# Pasadena area partner(s) wanted



## noman (Sep 4, 2006)

Hello All,
I know there are some groups around here, but my schedule or riding style never seem to match up...
Looking for someone to ride with on *Thursday* evenings/nights and *Saturdays* and/or *Sundays*, preferably early morning. The other days I'm either commuting or riding the rollers inside. Will meet at Rose Bowl, Santa Fe Dam, Hwy 39, Hwy 2, whatever works....
A brief resume:
-Ridden a few centuries, gearing up for the Death Valley Double Century end of this month.
-Looking to do weekend long rides anywhere from 60-120 miles (should be up to 150+ in a few weeks), Thursdays and non-long ride days 20-50 miles.
-Not the fastest in the pack, but have the legs for decent distance (last century was 6.5 hours including lunch & a few stops; could definently go faster with a partner)
-Looking to beat the doldrums of the long solo ride...
-I'm NOT a political extremist, religious wacko, or wierdo looking for love!

Cheers .


----------



## roadfix (Jun 20, 2006)

Then you must be familiar with the Montrose ride every Sat morning. If you don't care for the fast main group, there's another smaller, slower group (winter group) which takes off from Trader Joe's in South Pasadena just before 8am. These rides are all short, up to 50 miles.


----------



## Ride_glendale (Sep 4, 2002)

Outside of the Montrose 'Fast" and the new (for this time of year) "tempo" rides on Saturday, there is the "Park Ride aka Mexican mafia ride" out of Griffith Park on Sunday. There are two groups that leave from the LA Zoo parking lot around 8:30am. Route goes thru Victory blvd, Glenoaks, up La Tuna Cyn, and into Montrose... down Verdugo road and back to Griffith Park.


----------



## gremelm (Apr 7, 2005)

Ride_glendale said:


> Outside of the Montrose 'Fast" and the new (for this time of year) "tempo" rides on Saturday, there is the "Park Ride aka Mexican mafia ride" out of Griffith Park on Sunday. There are two groups that leave from the LA Zoo parking lot around 8:30am. Route goes thru Victory blvd, Glenoaks, up La Tuna Cyn, and into Montrose... down Verdugo road and back to Griffith Park.

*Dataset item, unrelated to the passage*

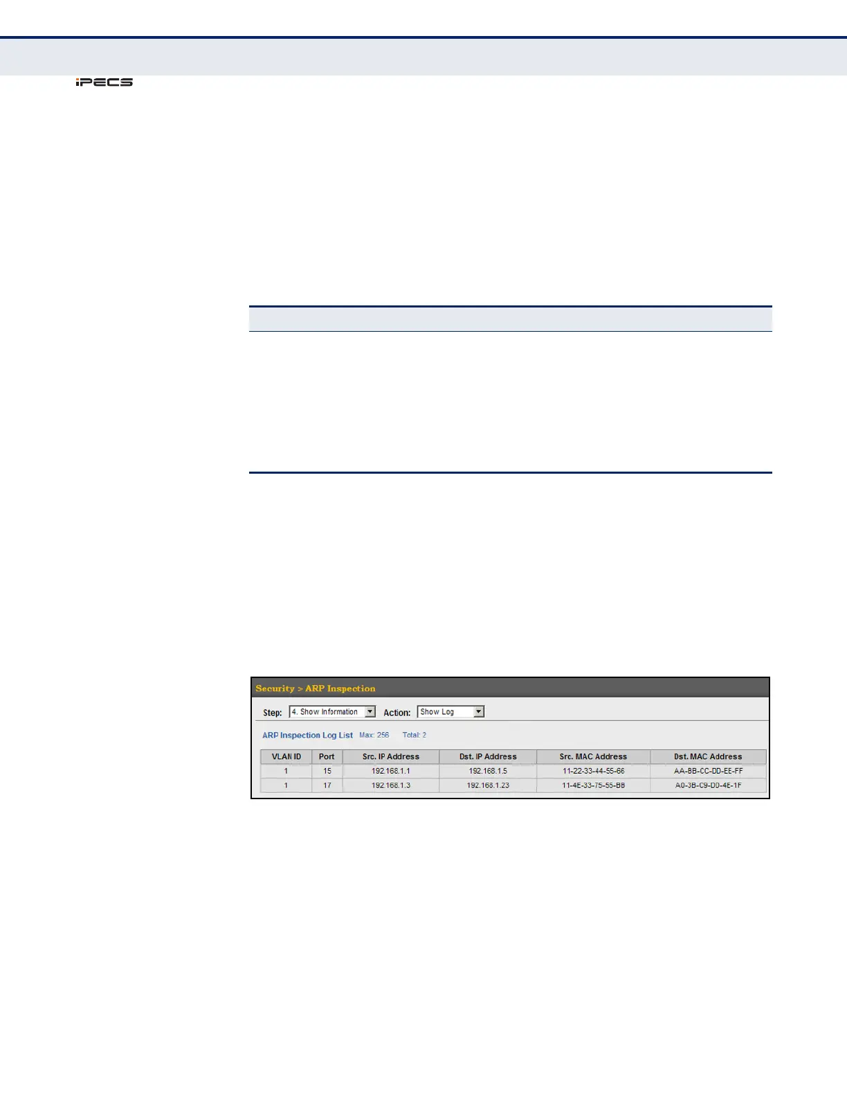 Use the Security > ARP Inspection (Show Information - Show Log) page to

Being a regular member of the fast group, I have to correct you about your reference...it's true, the group is mainly latino but definitely not just Mexican. We have asians, europeans, and caucasians...we're multi ethnic, so don't characterize us as this so called mafia. Sure I know it was all in jest, but labels do often stick.

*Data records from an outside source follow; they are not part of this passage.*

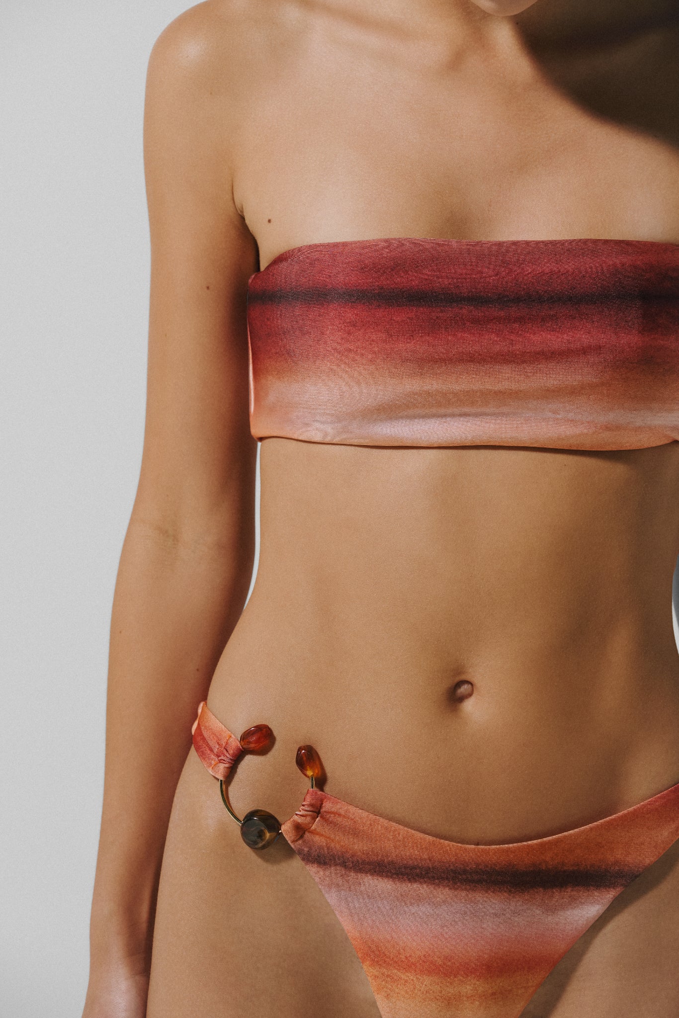 Presentamos el “Galo Bikini Top” en Tierra Inca – un diseño strapless, sin copas y con varillas laterales para mayor soporte y estructura. Con forro para un ajuste cómodo. Combínalo con el bikini bottom a juego para un look coordinado.
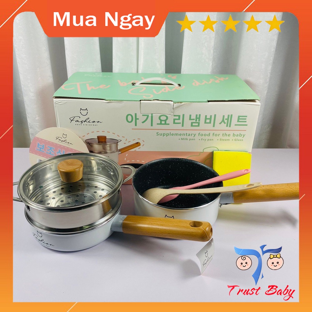 Bộ nồi ăn dặm nấu cháo bột + chảo kèm xửng hấp cho bé FASHION cao cấp
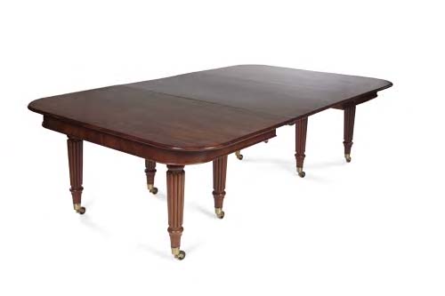 the rectangular top with rounded angles, above a plain frieze on turned and reeded tapering legs terminating in brass caps and castors, includes three additional leaves
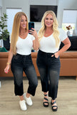 Get ready to rock stylishly in the Ryan High Rise Jeans! These wide leg crop jeans feature a coordinating button fly and a washed out black garment dye for a cool, edgy look. With a high rise and raw hem, you'll stand out in the best way possible.

The fast group leaves at about 8:30...and the 2nd (Team Hollywood) about 8:45.
Oh yeah, the ride to us is mainly known as the La Tuna Ride since that's the main challenge in this ride.

It's a good recovery ride to do after a tiring week of hard riding.


----------



## Ride_glendale (Sep 4, 2002)

I understand and actually im one of the brown guys (filipino) rider that normally do that ride. As for calling it the mafia, its a term ive heard for that ride for the past 10+ years... so i apologize for stating it but realize that I did not make it up....

Ride on...

PAA / Merryll Lynch Cycing
http://paacycling.org


----------



## redrider (Jun 21, 2004)

*Amigo Ride*

I, too, have been a regular on this ride for 10+ years now. And aside from the "mafia ride" (which was coined by a latino who shall remain unnamed), I've also heard "Amigo Ride" being thrown around as well.
And yes, I will keep Riding on!



Ride_glendale said:


> I understand and actually im one of the brown guys (filipino) rider that normally do that ride. As for calling it the mafia, its a term ive heard for that ride for the past 10+ years... so i apologize for stating it but realize that I did not make it up....
> 
> Ride on...
> 
> ...


----------



## rocco (Apr 30, 2005)

gremelm said:


> Being a regular member of the fast group, I have to correct you about your reference...it's true, the group is mainly latino but definitely not just Mexican. We have asians, europeans, and caucasians...we're multi ethnic, so don't characterize us as this so called mafia. Sure I know it was all in jest, but labels do often stick.
> 
> The fast group leaves at about 8:30...and the 2nd (Team Hollywood) about 8:45.
> Oh yeah, the ride to us is mainly known as the La Tuna Ride since that's the main challenge in this ride.
> ...



Riders from around here have been calling it that for a very long time so I think it's pretty much stuck at this point. Go luck with un-sticking it.


----------